Investigate ways to make DataFrame storage more efficient

hzovaro commented 1 year ago

E.g. -

Using a different library like h5py to store the output rather than pandas
Computing "simple" things, e.g. logs of various quantities, at runtime

hzovaro commented 1 year ago

Try:

pytables
sqlite
parquet
apache arrow

hzovaro commented 1 year ago

A good solution may be to store the data using

store = pd.HDFStore(fname)
store.put("data", df_data)
store.get_storer("data").attrs.metadata = metadata
store.close()

and read it back in using

with pd.HDFStore(fname) as store:
    df_data = store["data"]
    metadata = store.get_storer("data").attrs.metadata

With this, we can store metadata directly paired with the data on-disk - much better than assuming metadata, e.g. settings, etc. at runtime and then manually adding them back in. We can still add the metadata as columns at runtime as we've been doing up until now.

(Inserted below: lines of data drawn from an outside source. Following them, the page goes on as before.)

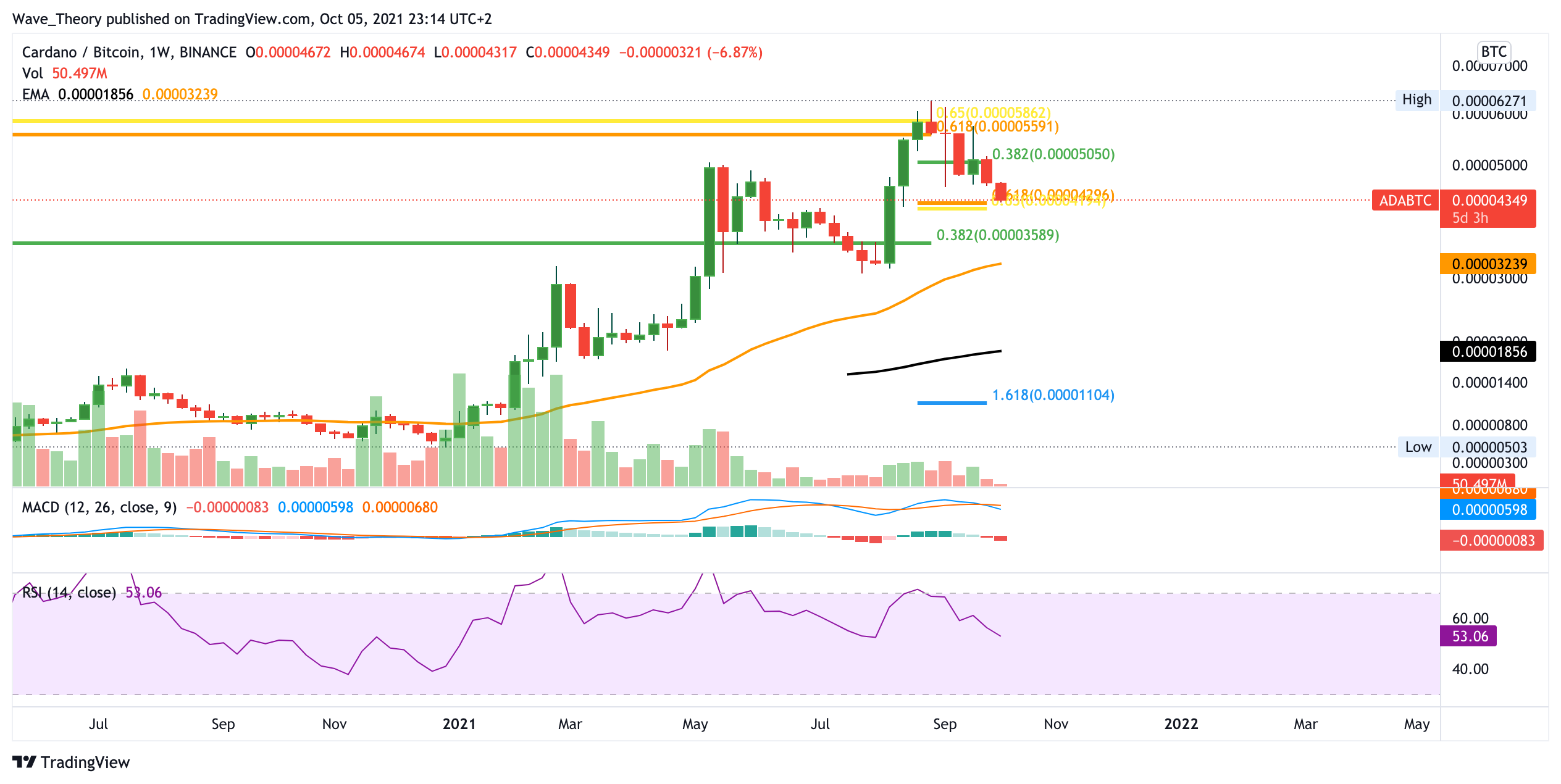 Gegen BTC wurde ADA an der Golden Ratio bei 0,000056 BTC abgewiesen. Seither befindet sich der ADA Kurs seit einigen Wochen im Abwärtstrend. Aktuell stößt der ADA/BTC Kurs auf Unterstützung an der Golden Ratio bei 0,000043 BTC. Dort könnte Cardano sehr stark abprallen, um erneut den Versuch zu unternehmen, den Widerstand bei 0,000056 BTC zu brechen. Andernfalls findet er erst wieder zwischen dem 50-Wochen-EMA bei 0,000032 BTC und dem 0,382 Fib Niveau bei 0,000036 BTC Unterstützung.
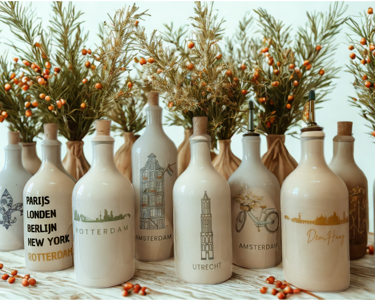 Onze keramieken oliedispensers zijn dé eyecatcher in ieder kerstpakket. Stijlvol, duurzaam en personaliseerbaar, een cadeau dat ook na de feestdagen dagelijks gebruikt wordt.
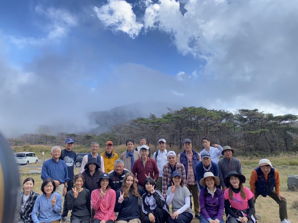 皆様から要望の多かったアウトドア・クラブが発足し、記念すべき第1回目の企画として2025年10月25日(土)に、『えびの高原・池巡りコース』が実施されました。久永会長を団長、前村親睦・交流部門長をリーダーに、事前の準備も入念にやって頂いた古木会員、山之氏会員にガイド役を務めて貰い、会員・ご家族総勢26名の参加者で美しい初秋の自然を楽しみ親睦も深まりました。
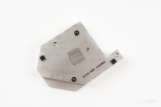 芯片组散热片与芯片组通过导热垫接触,两颗螺丝固定和两个脚垫辅助支撑,右下角有物料号
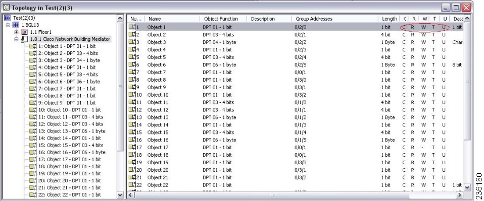 Ensure that the U flag for all KNX communication objects are enabled (as shown in Figure 7-9), so that the real-time values of the communication objects are updated to the Mediator from the KNX network after startup of the Mediator.
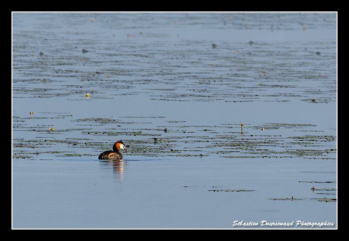 Je suis bientôt rejoins par Eric et Anne-Marie qui s'installent à leur tour dans l'affût. Les déclencheurs font crépiter les obturateurs tandis qu'un Ragondin nage tranquillement vers nous au milieu des couples de Grèbes huppés et des jeunes Canards colverts immatures.
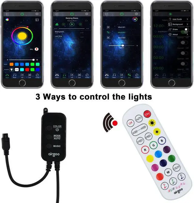 2. Use app, remote or controller to choose music mode, 3 Unique Music Mode suit any type of music, including slow, relaxing tunes and dance music.
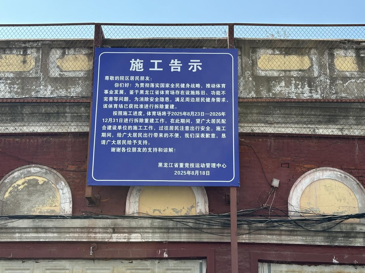 施工告示由黑龙江重竞技运动管理中心于2025年8月18日发布,指出拆除重建是为了“贯彻落实国家全民健身战略,推动体育事业发展”,同时解决“设施陈旧、功能不完善等问题,为消除安全隐患,满足周边居民健身需求”。这一决定基于该体育场已被鉴定为Dsu级危房的现状。
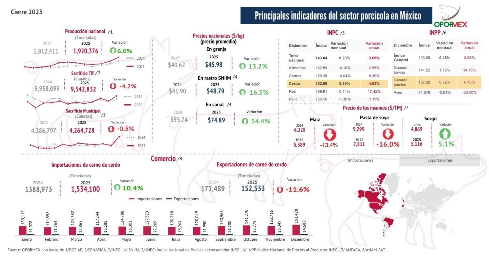 Por su parte, el Índice Nacional de Precios al Consumidor registró una variación anual de 4.63% en la carne de cerdo, mientras que el Índice Nacional de Precios al Productor para el ganado porcino aumentó 6.15%.
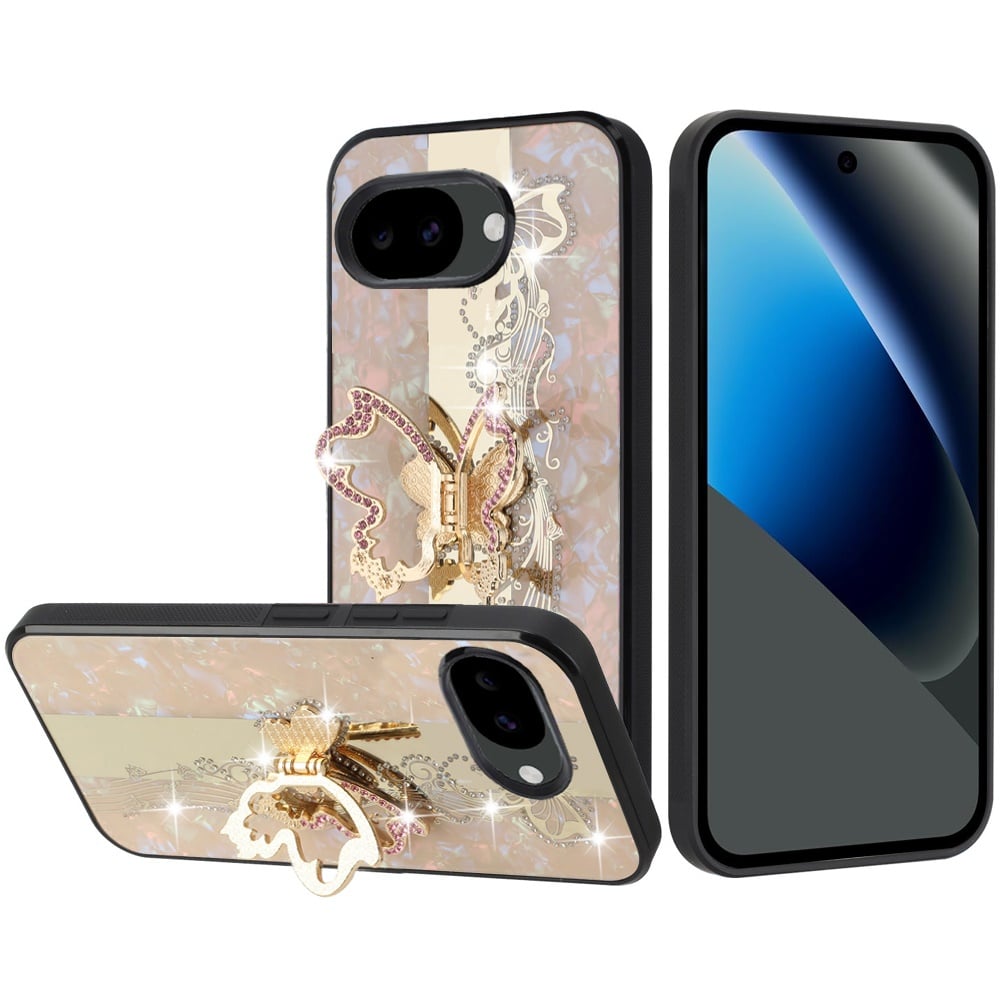 For Google Pixel 10a SPLENDID Diamond Glitter Ornaments Engraving Case Cover - Enchanted Butterfly Gold
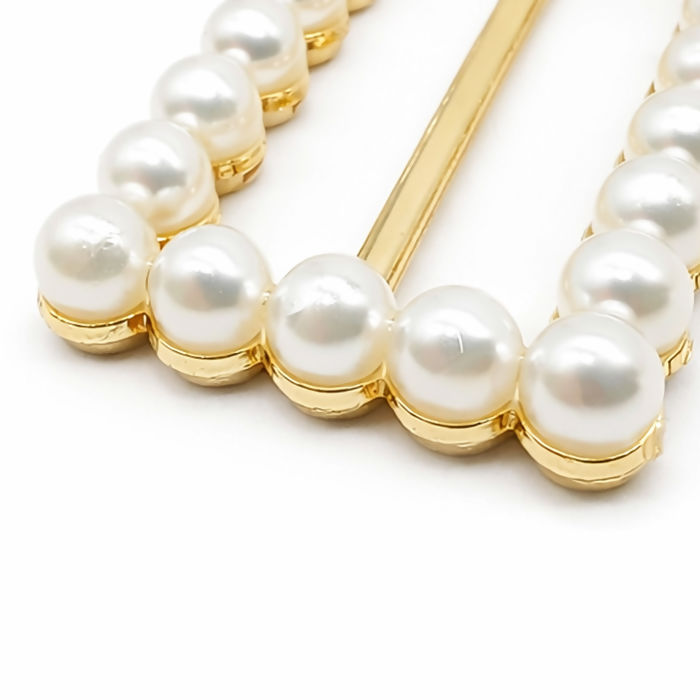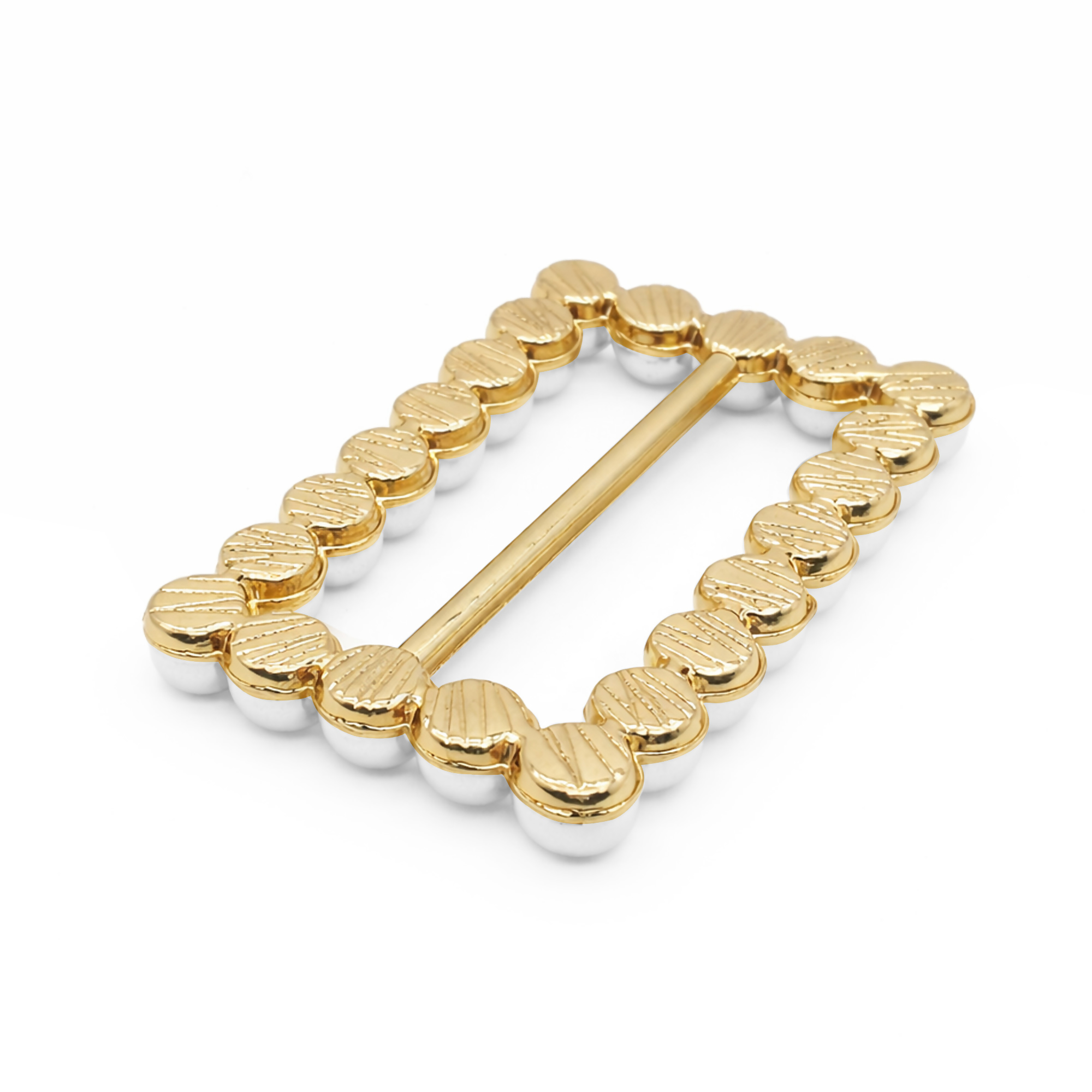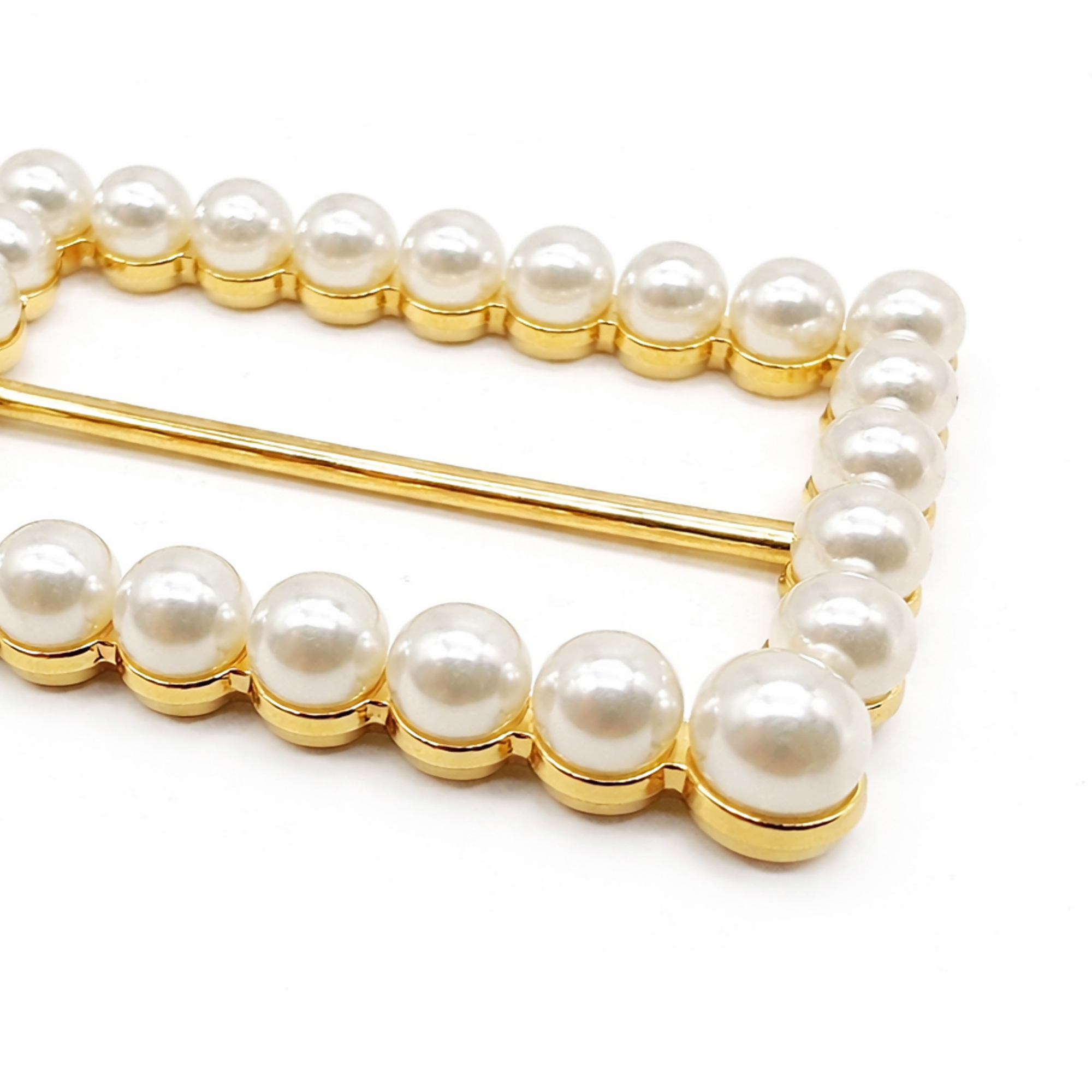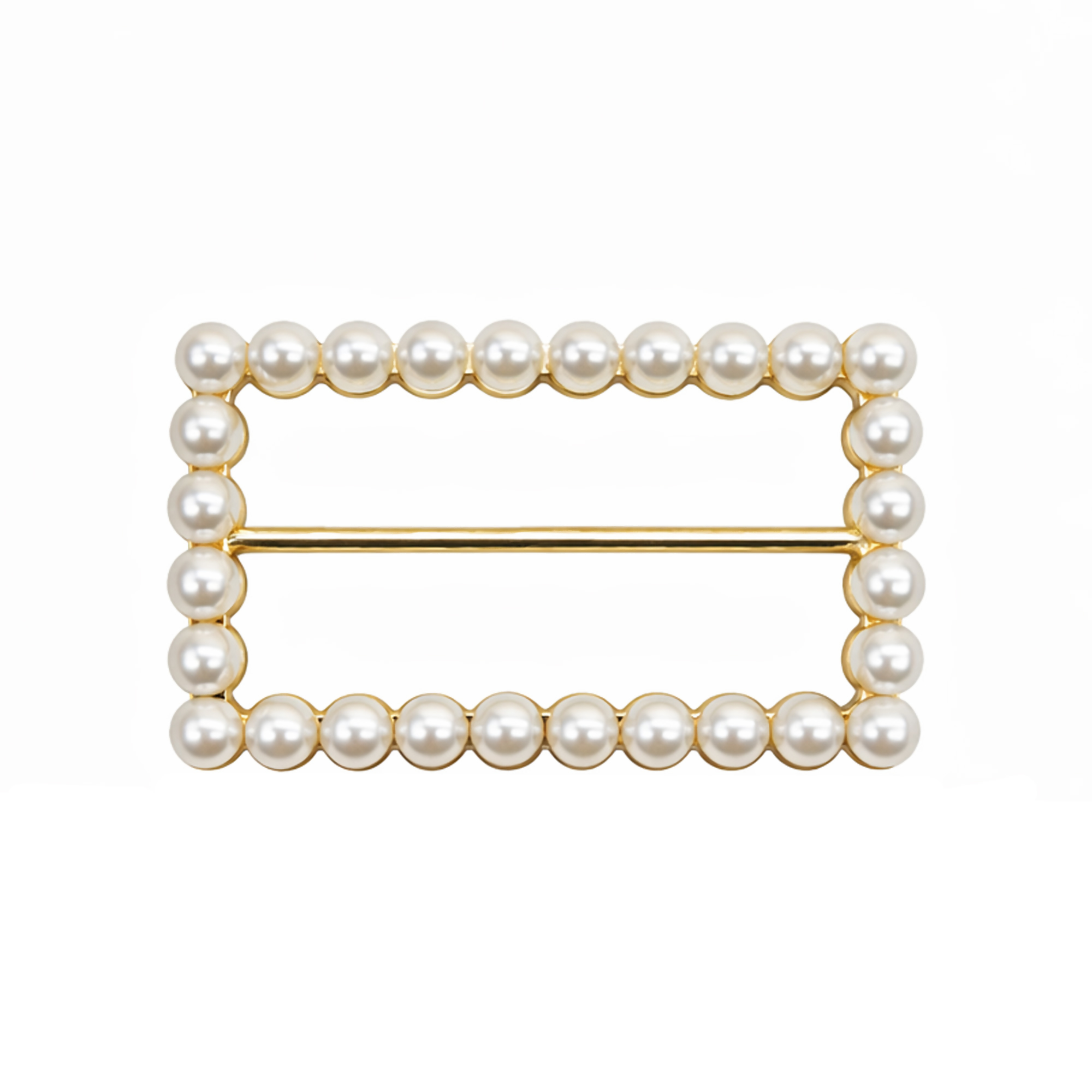 Fivela Retangular com Pérola Dourado/Branco 20 unidades RO.155064
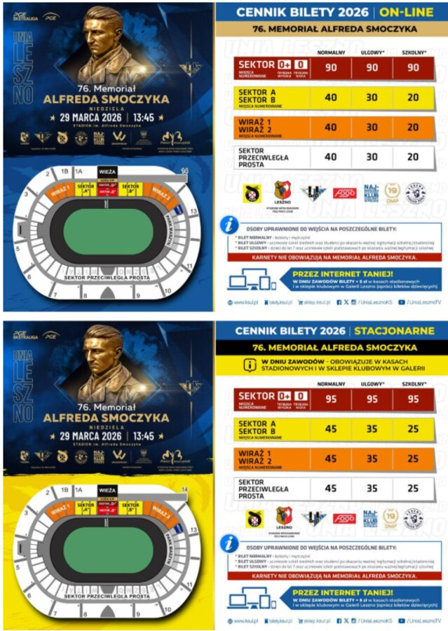 29 marca (niedziela) o godzinie 13:45 rozpocznie się 76. Memoriał Alfreda Smoczyka. Poniżej prezentujemy listę startową oraz ceny biletów na to wydarzenie. Przypominamy, że KARNETY NIE OBOWIĄZUJĄ NA MEMORIAŁ ALFREDA SMOCZYKA!

hzovaro commented 1 year ago

To do:

[ ] run the Storage methods notebook on the server using the full SAMI DataFrame to see how much disk space would be saved by dropping metadata columns.
[ ] try implementing this in make_sami_df() and load_sami_df().
[ ] in load_sami_df(), add checks to read in the metadata to make sure the file matches the requested inputs, e.g. eline_SNR_min etc.
[x] as it is currently, what columns could be transferred to a metadata dict? e.g. flags, etc.? If these are removed from the DataFrame, how would they be transferred between functions that use them, e.g. those in dqcut? Just pass as kwargs? Currently, flags etc. are passed to add_columns() as kwargs and are manually added as columns to the DataFrame in the last few lines - so this won't be a problem.**

hzovaro commented 9 months ago

Updated to-do list Feb 2024:

[x] Store metadata, e.g. spaxelsleuth settings, etc. in a Series and save it as a separate attribute in the HDF file. (this will require changes to io.make_df)
- [x] Remove lines in add_columns() that add these params to the DataFrame.
[x] Update io.read_df() to open metadata & scan to double-check that input parameters match what is in the file
- [x] to check that this works with kwargs - make 2 DataFrames w/ different settings that are not recorded in the DataFrame
[x] Instead of merging the metadata df with the main DataFrame, store a copy in the HDF file and merge at run time to save disk space
[x] Make sure to remove _storage_improvements from the filename
[x] Once tests run without errors, update the references.
[x] Should we return the ss_params Series on load_df()? Perhaps return on an optional argument?
[x] Change name of 'Spaxelsleuth params' to a simpler string to avoid warnings
[x] Make sure integration tests run
[x] Run examples to be safe
[x] Remove output_path arg from load_df()

Incidental changes:

I am no longer going to save the fields __lzifu_ncomponents, __use_lzifu_fits or debug in the DataFrame output by load_df() as they are not really necessary.
Upon load, DataFrames will be sorted on "ID", "x (projected, arcsec)", "y (projected, arcsec)" to make it easier to parse contents.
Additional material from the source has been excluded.